Couple days or weeks go by, and I check back with the system.  No backups.  Hum… odd…

I look at the job history, and the maint job has failed each and every time.  It simply says it could not start step 1. 
I look into rights?  Is the sql agent configured correctly, running under a good account? Is the owner of the job correct?  Are the steps in the job setup right?  Linked to each other properly?  Anything…

After a while, i give up on that maint plan, and create a new one.  A simple one.  Backup 1 db only.  It fails too.  Same error. 

I finally turn to google with the error message, and come across someone that had a similar problem.  The job step has a property for the package.  It was missing a slash at the beginning of the value.  If i edited the step, and added the slash, all was well…  backups going, job succeeding, universe was righted.

Who’s the dumbass now?  yeah, it was me.

I geta call from Microsoft today

Gentleman says he is from Microsoft and has a couple questions about Microsoft databases.  He asks if I use the database…. I say yes, and in fact, i am editing a dts as we speak. 

He asks me what versions I have used.  We have both 2000 and 2005.  But nothing yet using 2008, or developers even using a CTP. 

He proceeds to ask me what i like most about the new version, SQL 2007.  No i didn’t typo the 2007.  He asked me that…. I correct him and say 2008.  He makes a crack about how funny the name is, that its 2008, when its being released in 2007… i sigh…

So, now, I am painfully aware of this individuals knowledge of the product…

He continues to ask me weird questions, and i provide apparently confusing answers.

At one point he asks me what my title is.  I respond, DBA.  He tries to guess what the letters stand for… and give a couple good tries, but fails.  As i explain the acronym, my wife cracks up in the background.  Even she knows what it stands for, and was mystified that this person had no idea. 

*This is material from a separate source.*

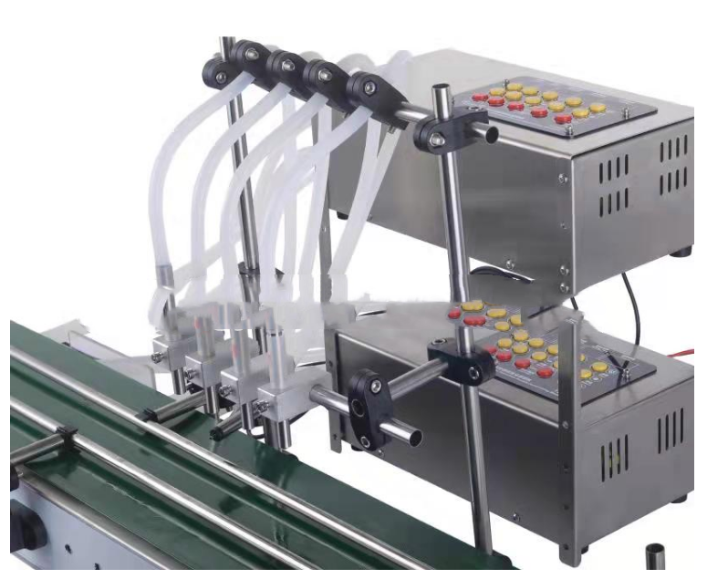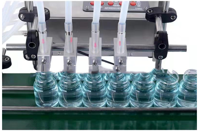 Desktop Automatic Quantitative Conveyor Four Heads Glass Bottle Liquid Water Beverage Filling Machine for Oil Cosmetic Beverages

From there, the call went downhill.  Fun.

Lets join on two fields, wait, lets send those two fields to a functino to scrub them first, then join

Clients db is runing slow.  I hear about it thru the normal grapevine.  I look into Spotlight to see what is going on.  Sure enough, seems like its getting hit hard.  But before i can investigate more, it clears itself up. 
Few minutes later, slow again.  Clears up again.  Something up…
So start digging.  Notice a job is always running when slowness is reported.  Start asking questions.  Turns out some new code was rolled just the other day, that is called from this job. 
Lets look…
First proc i look into has an odd query.  Seems we are joining an invoice_no field between tables, but we dont know if this data has been scrubbed, so its being sent to a function to scrub it.
  WHERE  DBO.UDF_REMOVE_BADCHARS(H.INVOICE_NO) = DBO.UDF_REMOVE_BADCHARS(P.INVOICE_NO) 
Wow, nice code there… lets do a table scan… and this is done in multiple places, in multiple procs, which are all called from this job, that runs every minute… wooohooo

rollback.  rewrite.

(I know what you are saying now… how did this get by me?  well, we are not part of the code review process.  We just roll it.  ARGH!!)

I need the install key

I’m minding my business.  Working on this and that.  And behind me, near me, i hear someone asking for the install key for sql 2005.    I think to ask whats going on, but don’t and get engaged again in what i was doing.
Later that day, i hear someone else asking for the same thing.  Again, i get distracted with real work.
Later even, i overhear someone else asking for it via email and IM.  Then i finaly get an IM from someone, and in passing, they ask for a key…  I ask them why they need it?  Has your install prompted you for the key?  Im my memory, ive never put in a key… I know i have a key on the cd i have at home…  but my memory is fuzy.  ITs been a while since i installed it myself… So i ask the silly question.  Has the installation prompted you for a key?
The dumbfounded response was, “No, I have not yet tried the installation.  I just assumed…”
how many man hours spent on this today?

Change control process and roll documents

Developer creates a roll document.  Listing out all objects that need to be rolled.
When its time to roll to production, we review the document with multiple groups, assuring ourselves and our process that we have covered all the bases.  DBA takes roll document, and performs a sync between UAT environment and Production, syncing only the objects that are listed in the roll document.
Fast forward 1 day….
Production support realizes, thru a belated testing, that some functionality is not present.  Tempers flare.  Developers are blamed.  DBA’s brought in too help troubleshoot the problem….
Fast forward some time….
The roll doc that the DBA used was not the correct version.  While on the group call, the developer made last minute changes to the roll doc.  These changes never made it to the one the DBA used.  Some objects were missed. 
Yeah.  Another dollar.  Another broken process that is blamed on someone other than the creators of the problem.  Makes me want to truncate all data, and delete all users.  Fix that one…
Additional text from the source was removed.